Links 142 can be used to link an end user device with its
associated intermediate communication device using communication
linking. The communication link 144 that connects intermediate
communication device 130 to communication network 140 can use one
or more of Time Division Multiplexing (TDM), asynchronous transfer
mode (ATM), IP, Ethernet, synchronous optical networking (SONET),
hybrid fiber-coax (HFC), circuit-switched, communication signaling,
wireless communications, or some other communication format,
including improvements thereof. Links 144 connecting intermediate
communication devices 150, 195 to network 140 operate similarly.
Communication links 144 each use metal, glass, optical, air, space,
or some other material as the transport media, and may each be a
direct link, or can include intermediate networks, systems
(including one or more management service systems), or devices, and
can include a logical network link transported over multiple
physical links.
Each ICD 130, 150, 195 may comprise a cellphone, smartphone, gaming
device, tablet, computer, or some other computing system capable of
running a communication application and communicating with
communications network 140 using the Internet or some other
widespread communication network. Each of ICDs 130, 150 includes at
least one user interface that allows a user to enter data and
interact with communication application 135, 155, respectively. ICD
195 operates similarly, though its communication application is not
shown in FIG. 1. When transmitting and receiving data, ICDs 130,
150, 195 and the like can use an appropriate data transfer scheme
(including, but not limited to encryption, for example).
Communications network 140 can comprise a server system utilizing
one or more computing devices capable of providing communication
services to a plurality of communication nodes and their respective
endpoint devices, such as end user devices 110, 160, 190. End user
devices 110, 160, 190 (also referred to as "EUDs" and/or computing
systems) may each comprise a speaker, microphone, processing
system, communication interface, and a user interface to exchange
communications with ICDs 130, 150, 195, respectively, and thus with
communications network 140 and other endpoint devices of various
types.
The endpoint devices of network 140 include EUDs 110, 160, 195,
each of which can be a highly portable (e.g., wearable)
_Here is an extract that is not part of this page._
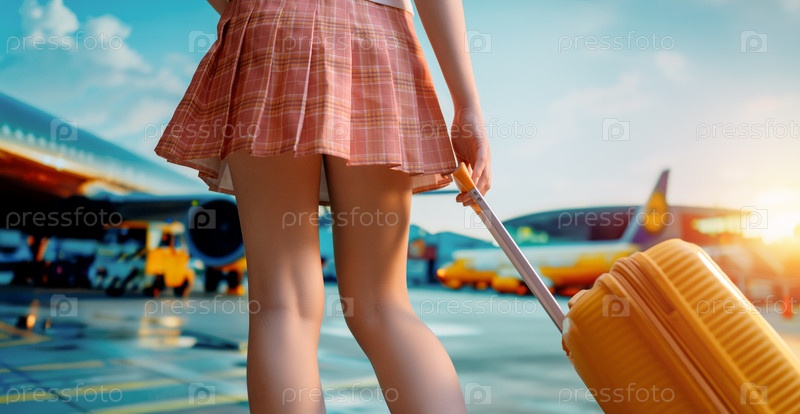 Ноги молодой женщины с чемоданом

communication device. One non-limiting example of EUD device 190 is
shown in FIGS. 2A-2D. Device 190 has a face 111 that can be
generally circular in shape, as shown in FIG. 2A, or can be any
other shape. In the non-limiting example of FIGS. 2A-2D, end user
device 190 uses the generally circular shape to facilitate certain
operations and to permit the positioning of certain functions and
components, which also can be performed and implemented in
alternative ways in other configurations. Device 190 includes a
generally cylindrical body 107 and face 111 can be slightly convex
(e.g., having a quasi-conical shape or a cup-like shape). Because
of the simplified controls disclosed herein, device 190 can be
smaller and more compact than earlier personal communication
devices. For example, device 190 can have a diameter of between 1
and 3 inches and be 0.5 to 1 inch thick, making wearing or
otherwise attaching device 190 to a user 101 or user's personal
accessory (e.g., a backpack strap) easier, in addition to
simplifying the device's operation.
Body 107 has an attachment mechanism 109 (e.g., a clip or clasp)
mounted thereon to permit attachment of device 190 to clothing, a
backpack, a bag strap or another personal item that facilitates a
user's conversation with other users while wearing device 190.
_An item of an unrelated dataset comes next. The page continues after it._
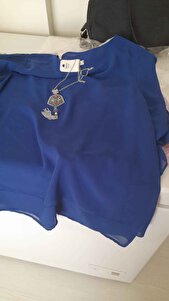 Saks Mavi Yarasa Kol Kolyeli Büyük Beden Şifon Bluz Saks Mavi Yarasa Kol Kolyeli Büyük Beden Şifon Bluz 2109 50

Various functional components of EUD 190 can be situated around the
periphery of body 107, as seen in FIGS. 2A-2D. A master power
switch 112 can turn device 190 master power on and off (as
distinguished from silencing device 190 and/or enabling sound
transmission by device 190, as discussed herein). A speaker 114 is
built in to body 107, as is a microphone 116, each of a type and
size that again facilitates and enables conversation by a user
wearing device 190. A volume control 118 permits adjustment of the
sound level generated by speaker 114 (e.g., lowering sound level by
depressing one end--such as the "-" end--of control 118 and
increasing sound level by depressing another end--such as the "+"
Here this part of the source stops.